Since the last raise, the company has also grown two-fold, sitting now at just over 100 employees, with about half in the Philadelphia region, West said. Proscia plans to add about 40 to its team over the next six months, including an “aggressive” hiring push in the local market.

“We’ve found great talent in the region, especially when it comes to engineering and AI, and are committed to expanding our presence here,” the CEO said.

The Series C will allow Proscia to invest in product development, accelerate the adoption of computational pathology and grow its team.

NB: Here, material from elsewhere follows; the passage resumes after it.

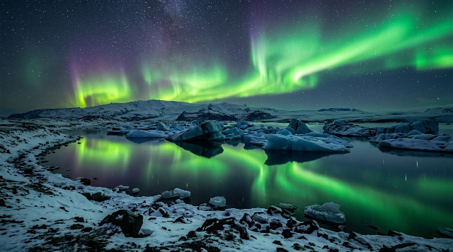 - 추천 스팟: 요쿨살론(Jökulsárlón) 빙하 호수. 호수 위로 떠다니는 빙하 뒤로 오로라가 나타나면, 수면 위로 빛이 반사되어 두 배의 감동을 줍니다.

It will also scale its commercial operations, including sales, marketing and support teams, and will grow its distribution partnerships following a recent agreement with Siemens Healthineers.

“Proscia is uniquely positioned to enable a new frontier of patient care,” said Jacob Doft, CEO of Highline Capital Management, in a statement. “Digital pathology is a critical catalyst in the acceleration of precision medicine, creating a wealth of new data that is driving novel therapies and optimizing diagnosis so that each patient receives the most individualized treatment. We are excited to be a part of Proscia’s journey as it expands its leadership position with its AI-enabled platform.”